Им счет и порядок потерян,

Желанья сковал светофор,

И новые рвутся, потея,

На мокрое тело платформ.

Если "мокрое тело платформ" и вся подчеркнутая статичность картины (даром что "рвутся"!) явно идут от Пастернака, то обнаженность эмоции («озябшие души дрожат»), такая распахнутость Цветкова вовсе не пастернаковской природы.

Нередкие у Цветкова античные реминисценции приводят к одному результату — столкновение древности и сегодняшнего мига высекает искры иронии.

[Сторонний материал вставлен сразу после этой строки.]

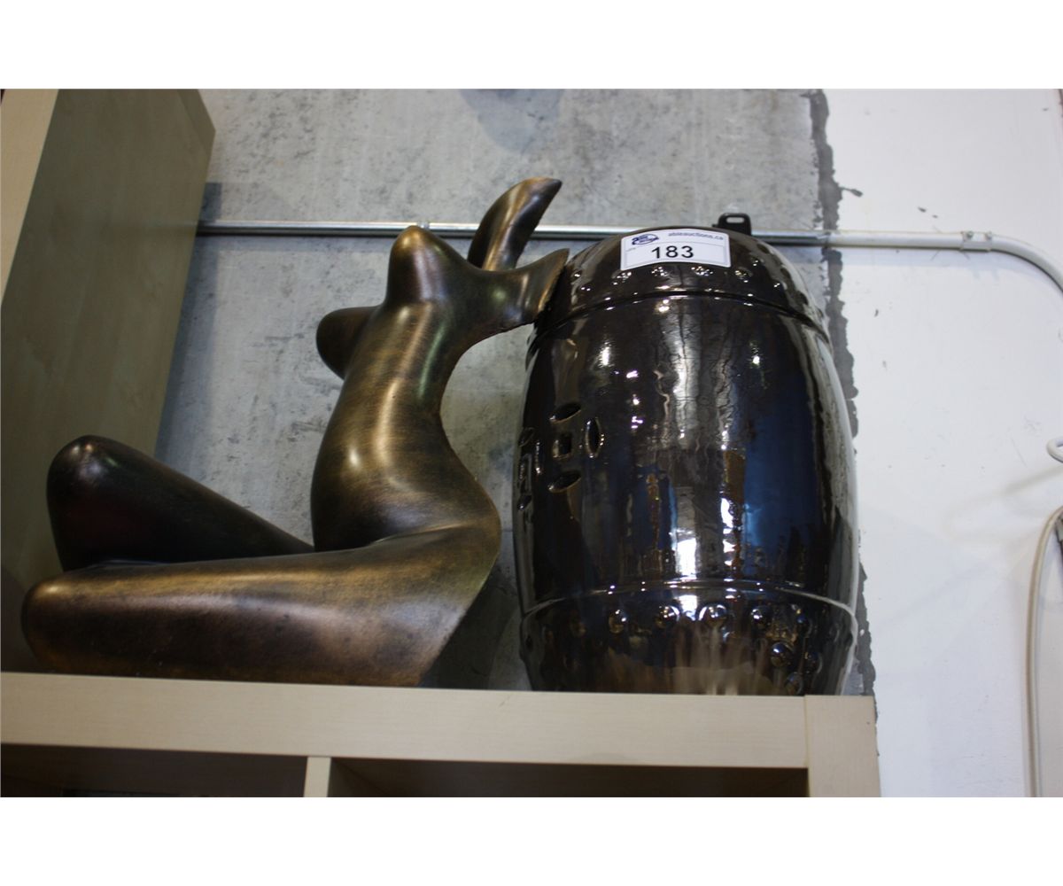 BRONZE COLORED FEMALE BODY STATUE AND DECORATIVE BARREL
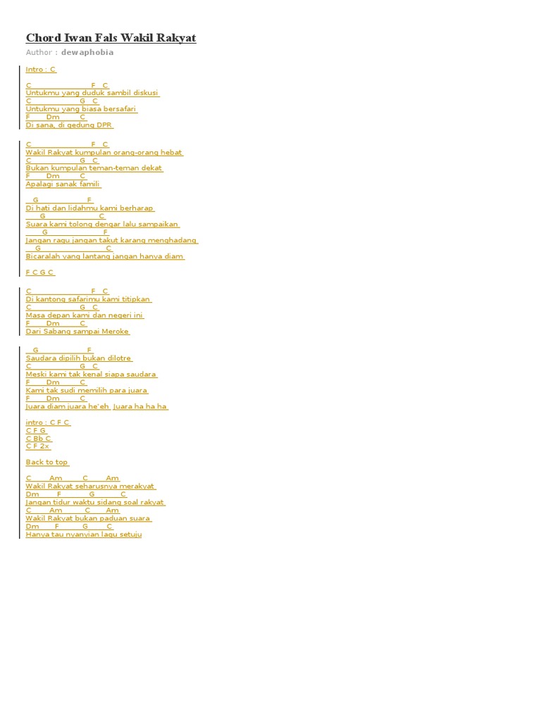 C c f c untukmu yang duduk sambil diskusi c g c untukmu yang biasa bersafari f dm c di sana di gedung dpr wakil rakyat kumpulan orang orang hebat bukan kumpulan teman teman dekat apalagi sanak famili g f di hati dan lidahmu kami berharap g c suara kami tolong dengar lalu sampaikan g f jangan ragu jangan takut karang menghadang g c bicaralah yang lantang. Chord iwan fals wakil rakyat intro. Iwan fals wakil rakyat chord intro c verse c f c untukmu yang duduk sambil diskusi c g c untukmu yang biasa bersafari f dm c di sana di gedung dpr wakil rakyat kumpulan orang orang hebat bukan kumpulan teman teman dekat apalagi sanak famili g f di hati dan lidahmu kami berharap g c suara kami tolong dengar lalu sampaikan g f jangan ragu jangan takut karang menghadang g c bicaralah.

Серый коршун планировал к лесу,

Моросило хлебам не во зло.

Не везло в этот раз Ахиллесу,

Совершенно ему не везло.

И копье, как помешанный дятел,

Избегало искомых пустот,

То ли силу былую утратил?

То ли Гектор попался не тот?

А кто такой современный Гектор — а если он и есть олицетворение нынешнего безвременья, с которым никактим копьем не сладить…

И вот ироническая злая поэма, использующая кусочек сюжета из Одиссеи. Времена смешались, и какой-то стукач составляет протокол розыска во дворце Одиссея на Итаке. В протоколе сказано, что «означенное лицо идентично с упомянутым Одиссеем." Зачем это он без визы шлялся по десяткам заграниц? А? Кстати, этот протокол — единственная реалия нашего времени в полностью античном сюжете. Не реалиями, а стилем, языком не дает Цветков забыть о нашем времени:

Телемак ищет лук Одиссея в зале, где валяются трупы женихов:

Но, праведные боги, где же лук? Где инструмент для беспощадных рук, серп Немезиды, сжавший ниву, где поставщик аидова двора?

Слона не сыщешь, чертова дыра, — ворочалось в мозгу у Телемака.

А Одиссей-то, в сущности, ломака: сыграл спектакль и рад, как сто ослов!

На грош забавы, на червонец слов!

Это не пародия. Это — сатиричный по стилю пересказ, сделанный так, что сюжет ненарушенным уходит в дни Гомера, а сатиричность его оказывается сегодняшней…

Адрес сатиры? То-то и прекрасно, что адреса нет! И адресата нет. Все наше время проверяется на вшивость…

Маразм крепчал. Двусмысленность росла.

А она в том, что Одиссей забыл, перебив всех женихов, прострелить двенадцать колец: он поспешил наверх к Пенелопе.

Кольца же пробивает Телемак. Поэтому в отчете тов. Ментора он и фигурирует вместо Одиссея. В этой путанице содержится старая полицейская истина: "был бы человек, а статья найдется!".

Совсем иной принцип во второй части поэмы. Тут Телемак перемещён автором в наши дни. И вот как это выглядит:

По берегам Москвы и Потомака, сбиваясь с ног, ловили Телемака, суровый ТАСС орал, как эпилептик, пузырилось Ассошиэйтед пресс, донской сиделец смазывал обрез, и даже молчаливые этруски молчали исключительно по-русски, врубая "телефункены" и "сони крепчайший чай лакая из кратер, Тиберий Гракх и Птоломей Сотер направили петицию в ЮНЕСКО, где в целом отозвались очень резко, но допустили массу плеоназмов, трюизмов, арготизмов, матюгов, удвоили продажу утюгов, конторских книг, селедки, габардина…

Вот этот — к концу поэмы уже полный хаос всех народов, времён, персонажей кажется юмором ради юмора, но ведь на самом деле тут всё гораздо серьезнее — сама хаотичность века нам подается этой лоскутностью перечислений. За хохотом, как у Рабле, встают вещи далеко не смешные… Доказательство тому — высказывание самого поэта о своих принципах: "Искусство для искусства я принимаю не больше, чем соцреализм."

P.S. Сегодняшние стихи Цветкова я плохо знаю. То, что я читал, мне не показалось близким, но читал я его недостаточно, и наверно, надо почитать ещё.